Dans nos belles maisons…

De temps en temps, on entend les urbains dirent qu’ils en ont marre de l’être. C’est presque cyclique, comme si l’homme des grandes villes, tôt ou tard, finissait par ne plus se sentir chez lui dans sa métropole et espérait désormais une vie plus simple, et peut-être, tout simplement, une vie moins chère. Il veut en finir avec Montréal. Alors il se met à rêver d’une grande maison, d’un terrain, de convivialité et de barbecue. Il pense alors à s’installer en banlieue, comme s’il s’agissait de la première étape pour sortir de la ville. 

Mais pour plusieurs, c’est un piège, parce que la banlieue, quoi qu’on en dise, est généralement un dortoir. Je dis cela sans le moindre mépris. Je viens de la rive-nord de Montréal et c’est encore là, dans mon esprit, où j’ai mon chez-moi, même si cela fait plus de dix ans que je suis bien installé sur l’île. Mais l’homme de la banlieue, à moins de travailler près de chez lui, est obligé, chaque matin, de se soumettre à la plus pénible des obligations: franchir les ponts. Il doit ensuite les franchir à nouveau le soir pour dormir chez lui. Une partie importante de sa vie se passe ainsi dans sa voiture, à maudire le temps qu’il y perd.

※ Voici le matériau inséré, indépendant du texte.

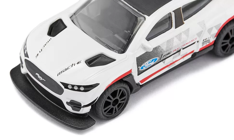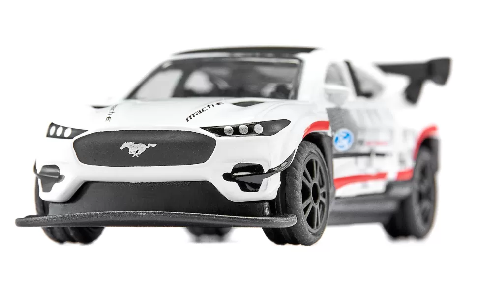Meine Damen und Herren, Sie sehen hier ein absolutes Meisterstück der Automobilsport-Evolution: Der Ford Mustang Mach-E 1400. Kaum zu glauben, dass dieser schnittige Rennwagen mit dem riesigen Heckflügel und seinen satten 1.500 PS unter der Haube ein Elektrofahrzeug ist! 3, 2, 1, GO! Der E-Mustang schießt mühelos auf Höchstgeschwindigkeit und hat die Konkurrenz im Nu abgehängt. Sportliche Felgen mit gummierten Reifen bieten auch in engen Kurven optimalen Grip. Die Metall-Karosserie des Rennwagens besticht zudem mit hammer-coolem Racing-Design und aufwendiger Bedruckung: strahlend weiß mit mehrfarbigen Farb- und Logo-Akzenten – dazu noch die biestig aussehenden, schwarzen Felgen… Ein Traum für alle Fans der legendären Amerikaner. Das detailgetreue Abbild des Original-Rennwagens ist übrigens ein Einzelstück.

Comment ne pas voir que ce mode de vie ne tient pas et qu’il engendre une aliénation de plus en plus palpable dans les rapports sociaux? On sous-estime probablement les conséquences politiques et idéologiques de cette vie prisonnière d’un modèle social désorganisé. Mais c’est néanmoins, pour le plus grand nombre, le prix à payer pour demeurer proche de la grande ville, où on a tendance à ne plus retrouver que les très riches, la bourgeoisie culturelle, qui boboïse un après l’autre les quartiers populaires, et les pauvres, qui sont condamnés à la précarité. L’étalement urbain est une vraie plaie de notre civilisation.

Surgit alors une autre idée dans la tête de l’homme qui n’en peut plus: il se met à rêver à ce qu’on pourrait appeler une petite ville, où il pourrait simplement vivre, loin de la métropole, loin d’une vie qui épuise et qui rend fou, sans pour autant céder à l’illusion bucolique du repli rural. Il ne veut cultiver des concombres et des radis, il veut simplement une ville à taille humaine. C’est l’obsession d’un certain conservatisme: retrouver un monde qui ne soit plus celui de la démesure. Un monde qui n’a pas l’air d’une fourmilière. Un monde qui retrouverait le sens des limites, aussi, et qui redonnerait à l’homme le sentiment d’appartenir à une communauté.

Alors notre homme malheureux flirte avec Joliette, avec Trois-Rivières, avec Bromont, avec Valleyfield. S’il franchit le pas, s’il quitte Montréal, ou même sa banlieue, il se sentira d’abord libéré. Comme s’il recommençait à vivre. Il le répétera à qui veut l’entendre. Mais il est bien possible qu’après un temps, ce calme en vienne à l’angoisser, à le rendre fou. Il se sentira loin de la grande ville, loin de son action, loin d’une vie dont il ne profitait peut-être pas pleinement, mais dont il aimait se sentir proche. Il se demande alors s’il a gaffé, s’il ne s’est pas éloigné de la vie et pense alors à retourner en ville. L’homme moderne est peut-être condamné à l’insatisfaction perpétuelle!